A research team at the University of Illinois at Urbana-Champaign created an AI that can predict an enzyme’s function from its amino acid sequence. Pictured, from left: Tianhao Yu, Haiyang (Ocean) Cui, Huimin Zhao and Guangde Jiang. Photo by Fred Zwicky, courtesy of Liz Ahlberg Touchstone

An AI developed by a team from the University of Illinois at Urbana-Champaign outperforms other tools at predicting how enzymes can accelerate chemical reactions. 

Acting as a catalyst in living cells, enzymes are specialized to make a particular chemical reaction occur more quickly, according to the National Human Genome Research Institute

Researchers from the Zhao Group, a team of scientists led by professor Huimin Zhao, published a deep-learning algorithm that can predict an enzyme’s functions based on its amino acid sequences.

The tool, dubbed CLEAN, is available online.

“There are many (enzyme) applications,” Zhao said. “That’s why researchers are very interested in identifying enzymes with the proper functions.”

The applications of CLEAN extend into many industries, he said. Enzymes have been used in food processing, medicine and the treatment of leather, according to Sepmag.

The tool predicts whether an enzyme can function above room temperature, which would remove the need for its refrigeration, Zhao said.

As the algorithm develops, he said his team can continue enhancing its knowledge base with new datasets. 

“Those proteins have never been seen by the machine-learning model, and yet, we can predict the function,” Zhao said. 

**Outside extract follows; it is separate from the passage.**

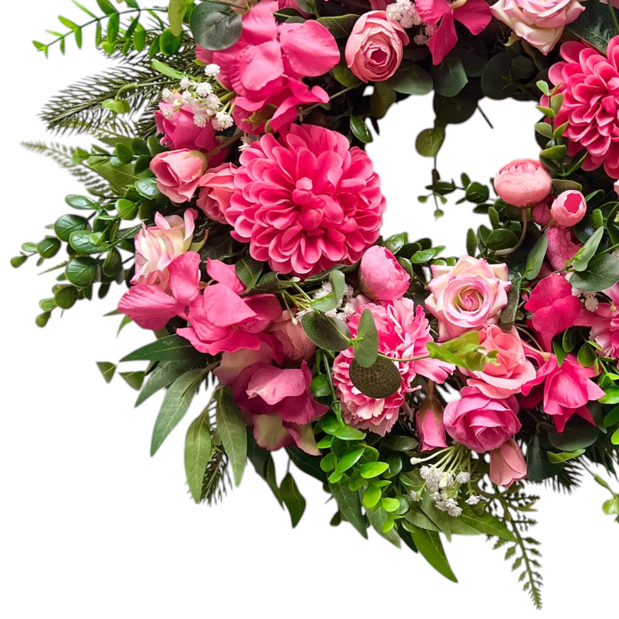 ✅ materiał - kilka rodzajów sztucznych gałązek zielonych (bukszpan, eukaliptus, paproć) oraz różnorodne kwiaty (m.in. róże, hortensje, piwonie, gipsówka, dalie)

In the future, Zhao said he wants to expand this algorithm beyond enzymes and into other proteins.

“I’m very excited for this work,” he said. “I know this is just the beginning.”

Tianhao Yu, a graduate student at the University of Illinois, worked with Zhao and other researchers to create CLEAN.

In the process, Yu said the team had to watch for bias in the data they fed the algorithm.

“If there is a pre-existing bias to the training data that we are not aware of, then the prediction would also be biased,” Yu said.

The enzymes that scientists use in chemistry are well-studied, while unused enzymes have less data, Yu said. 

If the team did not account for the imbalance of data, he said the algorithm would predict common enzymes more often.

To combat this, Yu said the team trained the algorithm on contrastive learning. Rather than comparing the data randomly, the enzymes would be grouped by function. These groups would then be compared against each other.

The database will continue being updated with new data until people lose interest in CLEAN or a new tool comes around to analyze enzyme functions, he said.

“If someone actually develops something, some new enzymes, new functions based on our tools, that would be very exciting,” Yu said.